» Exercise data:
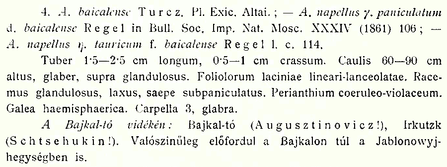 Протолог Aconitum baicalense Turcz. ex Rapaics (Növʹenytani közlemʹenyek 6(5): 148. 1907):
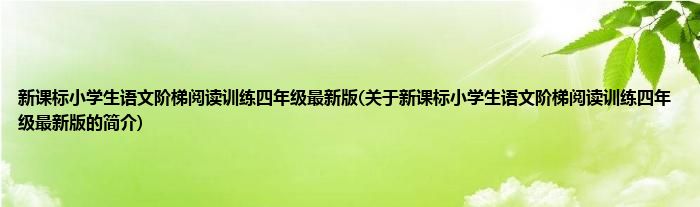 本文关于新课标小学生语文阶梯阅读训练四年级最新版的简介就讲解完毕,希望对大家有所帮助。
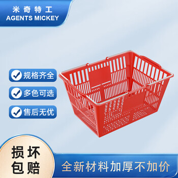 米奇特工 超市购物篮手提篮塑料筐大号零食超市便利店购物篮 3号超市篮-红色
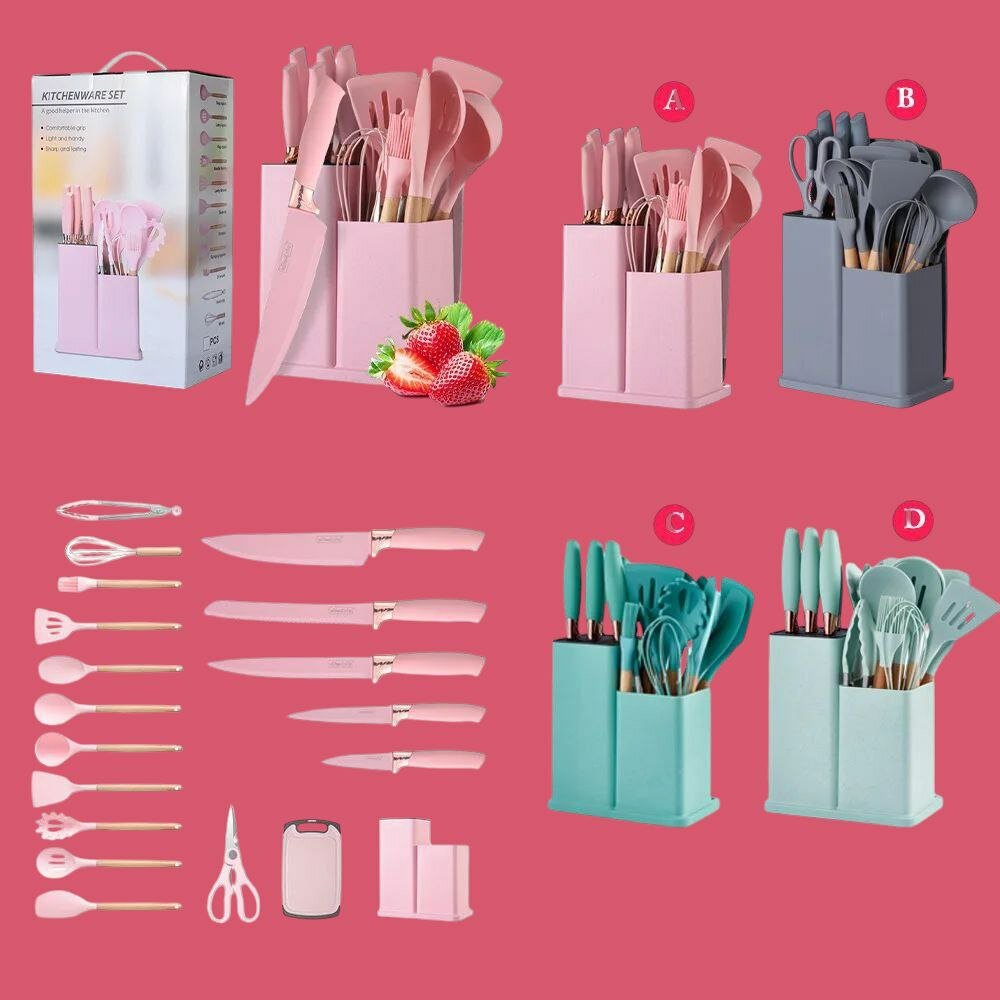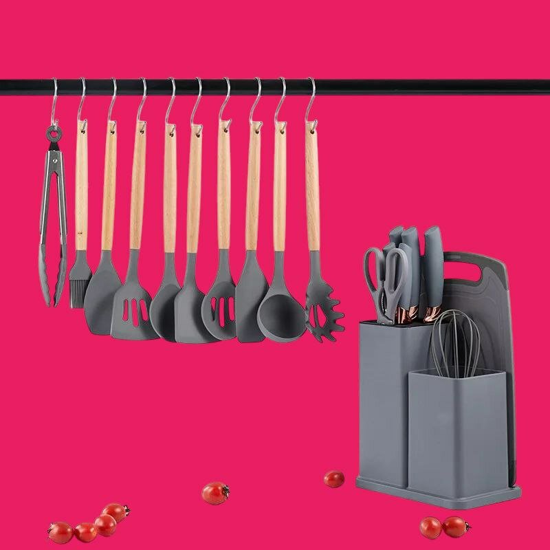 Купить Набор кухонных принадлежностей, 19 предметов, пластик, силикон

» Work instruction: The answer must consist solely of the lines from the line containing "本文关于新课标小学生语文阶梯" to the end of the data, reproduced exactly, with every picture left out.

» Solution to the exercise:
 本文关于新课标小学生语文阶梯阅读训练四年级最新版的简介就讲解完毕,希望对大家有所帮助。
 米奇特工 超市购物篮手提篮塑料筐大号零食超市便利店购物篮 3号超市篮-红色
 Купить Набор кухонных принадлежностей, 19 предметов, пластик, силикон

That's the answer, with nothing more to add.